> [RECORDS PROVIDED]:
-- Opening Marker --
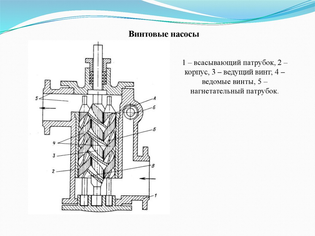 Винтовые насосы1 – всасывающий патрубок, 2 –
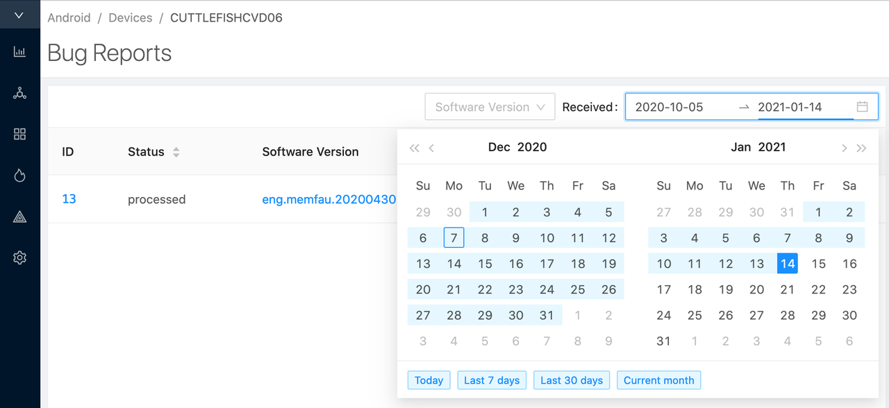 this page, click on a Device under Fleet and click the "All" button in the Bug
-- Closing Marker --
-- Opening Marker --
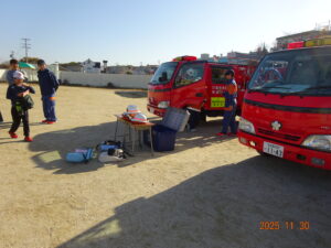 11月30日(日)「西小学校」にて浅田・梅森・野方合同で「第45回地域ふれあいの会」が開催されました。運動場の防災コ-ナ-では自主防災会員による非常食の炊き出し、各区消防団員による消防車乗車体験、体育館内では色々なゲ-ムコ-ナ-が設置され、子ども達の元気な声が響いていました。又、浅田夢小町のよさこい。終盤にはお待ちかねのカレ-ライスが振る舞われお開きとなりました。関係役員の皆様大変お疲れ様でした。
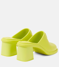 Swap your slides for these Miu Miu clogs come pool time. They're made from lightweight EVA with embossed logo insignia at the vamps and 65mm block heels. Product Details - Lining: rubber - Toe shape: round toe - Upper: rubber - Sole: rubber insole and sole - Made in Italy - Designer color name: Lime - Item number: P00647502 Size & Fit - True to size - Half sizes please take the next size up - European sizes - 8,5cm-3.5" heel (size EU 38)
-- Closing Marker --
> [WHAT IS NEEDED]:
Give again the stretch of lines above from the one with "Винтовые насосы1 – всасывающий патрубок, 2 –" through the one with "this page, click", both ends kept, and copy no pictures.

> [RESULT FOR THIS TASK]:
 Винтовые насосы1 – всасывающий патрубок, 2 –
 this page, click on a Device under Fleet and click the "All" button in the Bug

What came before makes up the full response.